PROBLEM TO SOLVE: Look through the data below and return each line where "that" appears.

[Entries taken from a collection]
++++++++

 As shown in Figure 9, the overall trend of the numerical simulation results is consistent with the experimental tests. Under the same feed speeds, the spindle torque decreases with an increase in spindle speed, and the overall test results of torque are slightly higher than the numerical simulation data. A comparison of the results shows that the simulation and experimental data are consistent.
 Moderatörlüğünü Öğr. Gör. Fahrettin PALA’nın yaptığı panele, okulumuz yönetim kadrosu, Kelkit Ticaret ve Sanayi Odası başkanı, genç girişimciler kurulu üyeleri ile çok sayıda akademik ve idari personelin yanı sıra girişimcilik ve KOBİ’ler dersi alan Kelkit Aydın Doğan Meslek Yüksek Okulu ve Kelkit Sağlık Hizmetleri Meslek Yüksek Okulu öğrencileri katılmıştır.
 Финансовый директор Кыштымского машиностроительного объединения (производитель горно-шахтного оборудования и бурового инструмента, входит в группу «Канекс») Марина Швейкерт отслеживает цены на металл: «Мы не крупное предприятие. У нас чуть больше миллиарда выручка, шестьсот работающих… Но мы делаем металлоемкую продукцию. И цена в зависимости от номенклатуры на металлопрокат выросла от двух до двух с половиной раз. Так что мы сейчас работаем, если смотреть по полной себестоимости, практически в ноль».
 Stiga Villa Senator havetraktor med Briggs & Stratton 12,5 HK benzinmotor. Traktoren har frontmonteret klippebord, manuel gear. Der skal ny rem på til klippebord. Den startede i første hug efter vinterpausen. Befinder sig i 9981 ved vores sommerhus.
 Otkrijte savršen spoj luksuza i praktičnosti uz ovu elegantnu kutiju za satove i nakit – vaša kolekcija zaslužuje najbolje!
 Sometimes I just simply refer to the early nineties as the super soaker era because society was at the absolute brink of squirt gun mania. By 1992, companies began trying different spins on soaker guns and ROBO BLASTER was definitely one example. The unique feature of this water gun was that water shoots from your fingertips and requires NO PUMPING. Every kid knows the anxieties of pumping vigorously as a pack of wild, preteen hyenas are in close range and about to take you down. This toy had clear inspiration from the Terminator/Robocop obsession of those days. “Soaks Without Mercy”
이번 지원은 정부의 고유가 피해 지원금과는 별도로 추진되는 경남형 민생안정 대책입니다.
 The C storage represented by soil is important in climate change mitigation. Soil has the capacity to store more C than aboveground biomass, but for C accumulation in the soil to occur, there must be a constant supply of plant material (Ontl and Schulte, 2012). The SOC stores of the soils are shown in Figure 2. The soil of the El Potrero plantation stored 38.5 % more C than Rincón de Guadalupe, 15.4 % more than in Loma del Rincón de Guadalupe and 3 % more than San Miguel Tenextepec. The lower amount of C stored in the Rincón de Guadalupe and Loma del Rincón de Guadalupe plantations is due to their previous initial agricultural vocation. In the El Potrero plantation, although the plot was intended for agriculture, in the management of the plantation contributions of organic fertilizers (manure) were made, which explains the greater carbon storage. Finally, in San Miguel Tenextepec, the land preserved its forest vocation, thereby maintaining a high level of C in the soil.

++++++++

EXERCISE RESPONSE:
 As shown in Figure 9, the overall trend of the numerical simulation results is consistent with the experimental tests. Under the same feed speeds, the spindle torque decreases with an increase in spindle speed, and the overall test results of torque are slightly higher than the numerical simulation data. A comparison of the results shows that the simulation and experimental data are consistent.
 Sometimes I just simply refer to the early nineties as the super soaker era because society was at the absolute brink of squirt gun mania. By 1992, companies began trying different spins on soaker guns and ROBO BLASTER was definitely one example. The unique feature of this water gun was that water shoots from your fingertips and requires NO PUMPING. Every kid knows the anxieties of pumping vigorously as a pack of wild, preteen hyenas are in close range and about to take you down. This toy had clear inspiration from the Terminator/Robocop obsession of those days. “Soaks Without Mercy”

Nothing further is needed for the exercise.